▶ Work to complete
Exact copies of the lines from the one holding "กระทู้ถามที่ 069 เรื่อง" through the last line of the entries below are to be printed, with pictures omitted.

▶ Provided entries
--

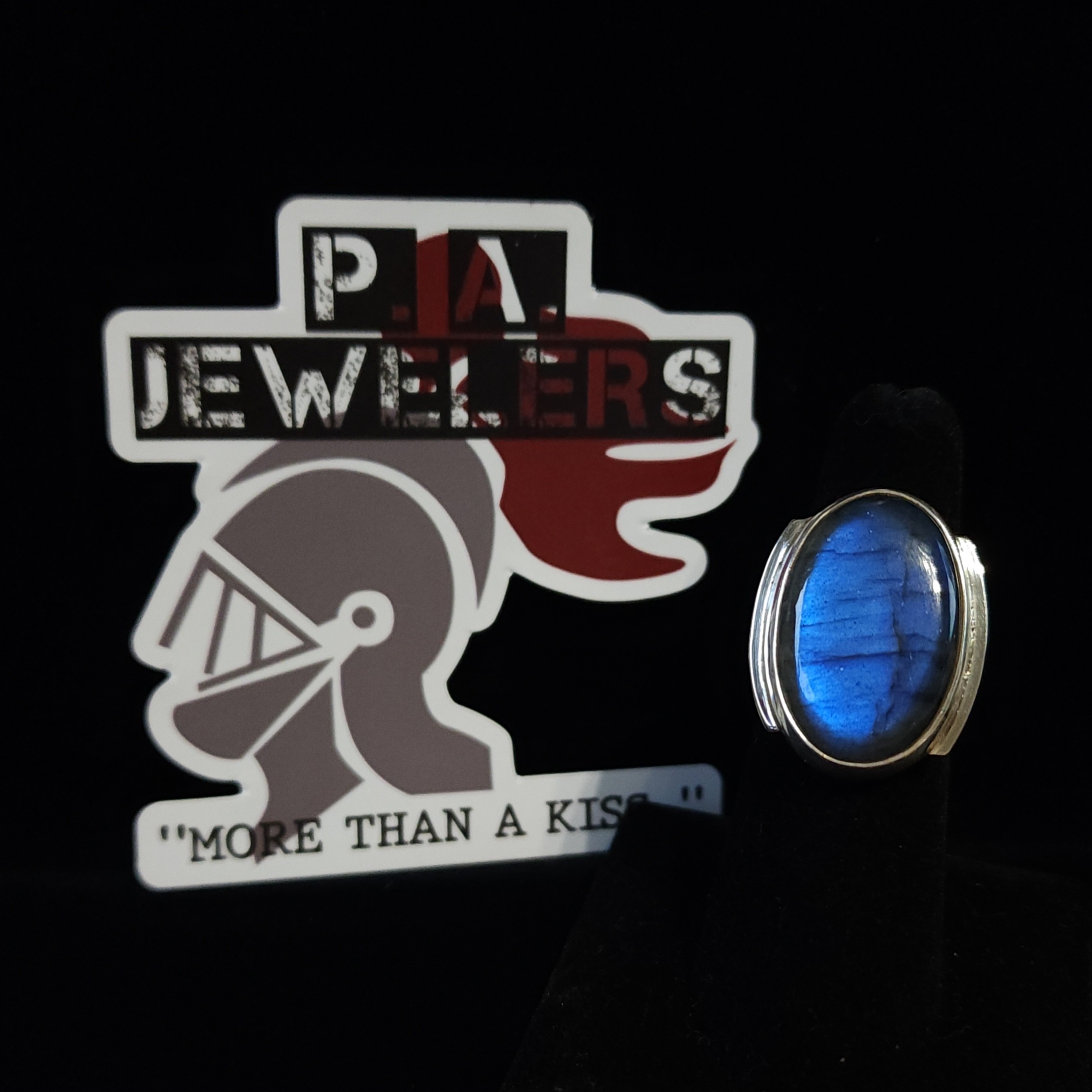 Typically, we see the iridescence of labradorite in gray, brown, green, or even pale blue colors. This piece is an absolute brilliant deep blue…and I am in love with it! Set in .999 fine & .925 sterling silver by one of our local jewelry artists. The labradorite in this piece is stunning! #morethanakiss #localjewelryartist
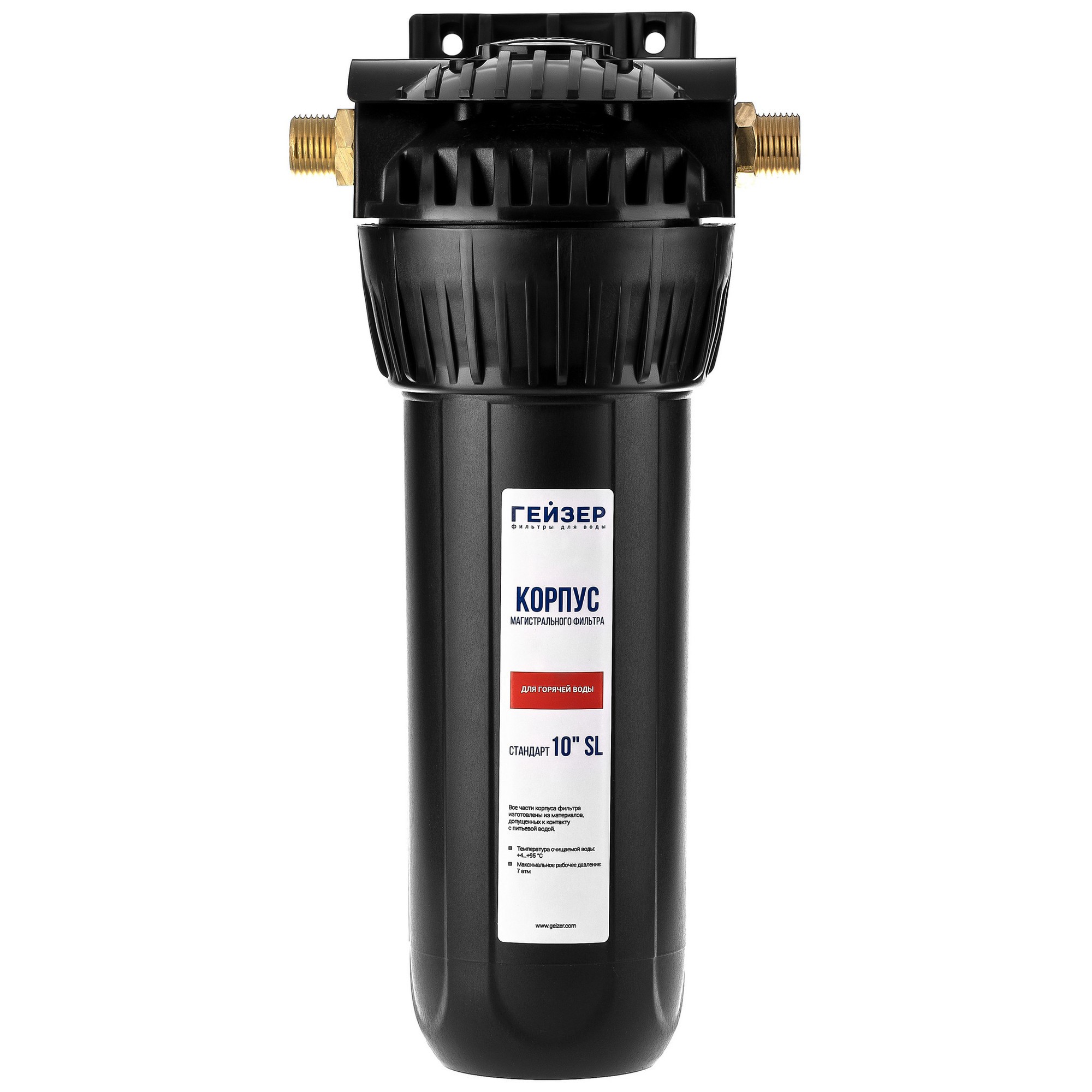 Корпус Гейзер 10SL 1/2" изготовлен из термостойкого полиамида с металлическими ниппелями. Корпус рассчитан на работу под давлением и установку на входе в систему горячего или холодного водоснабжения. Комплектуется пластиковой скобой. В производстве корпусов используются материалы пищевого класса.
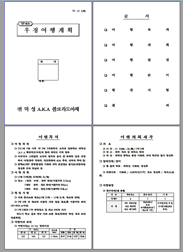 제주도와 울릉도를 제외하고는 전국을 돌아다니며 대학생활과 직장생활을 했었다 보니, 다시 가보고 싶은 장소를 찾아가는 것도 이번 여행에 포함되었다. 다행히 친구(콜로라도아재는 아무에게나 친구 호칭을 부여하지 않음, 동기 혹은 동창으로 등급을 나누어 명칭)가 휴가 낼 테니 자기랑 같이 다니자는 제안으로 덕분에 며칠 전에는 친구와 떠나는 '우정여행'을 계획해보면서 재밌기도 하였다. 군에서 문서 작성했던 경험을 최대한 살려 작성해보는 즐거움도 느꼈고, 언제 어디서 무엇을 할지 계획하는 것도 재밌었다.
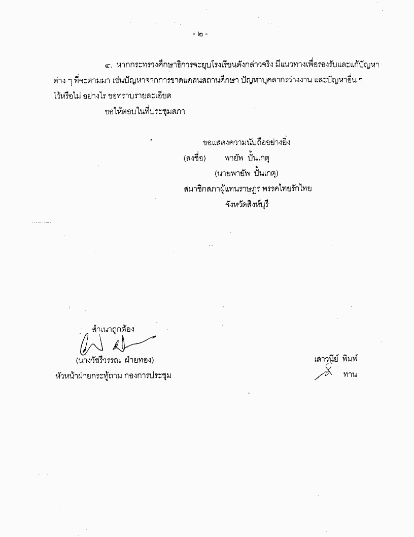กระทู้ถามที่ 069 เรื่อง ปัญหาจากการยุบโรงเรียนระดับประถมศึกษา นายพายัพ ปั้นเกตุ เป็นผู้ตั้งกระทู้ถาม ถามรัฐมนตีรว่าการกระทรวงศึกษาธิการ |
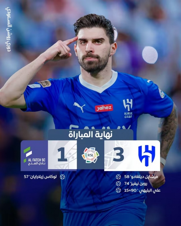 沙特联-新月3-1逆转哈萨征服28轮不败 联赛剩6轮12分领跑
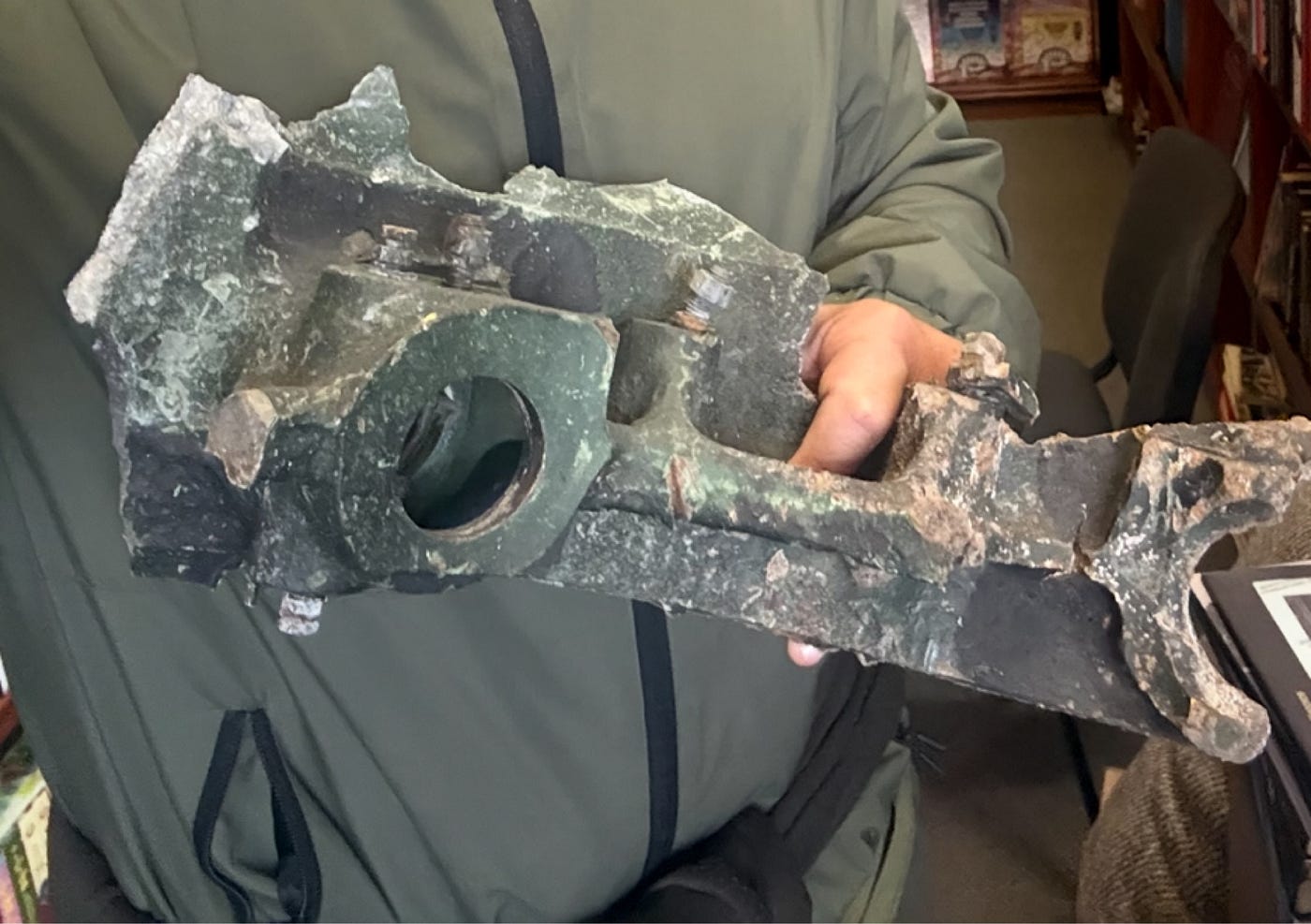 Me showing a piece of Russian Iskander missile during a recent reportage copyrighted photo

--

▶ Answer to the exercise
กระทู้ถามที่ 069 เรื่อง ปัญหาจากการยุบโรงเรียนระดับประถมศึกษา นายพายัพ ปั้นเกตุ เป็นผู้ตั้งกระทู้ถาม ถามรัฐมนตีรว่าการกระทรวงศึกษาธิการ |
 沙特联-新月3-1逆转哈萨征服28轮不败 联赛剩6轮12分领跑
 Me showing a piece of Russian Iskander missile during a recent reportage copyrighted photo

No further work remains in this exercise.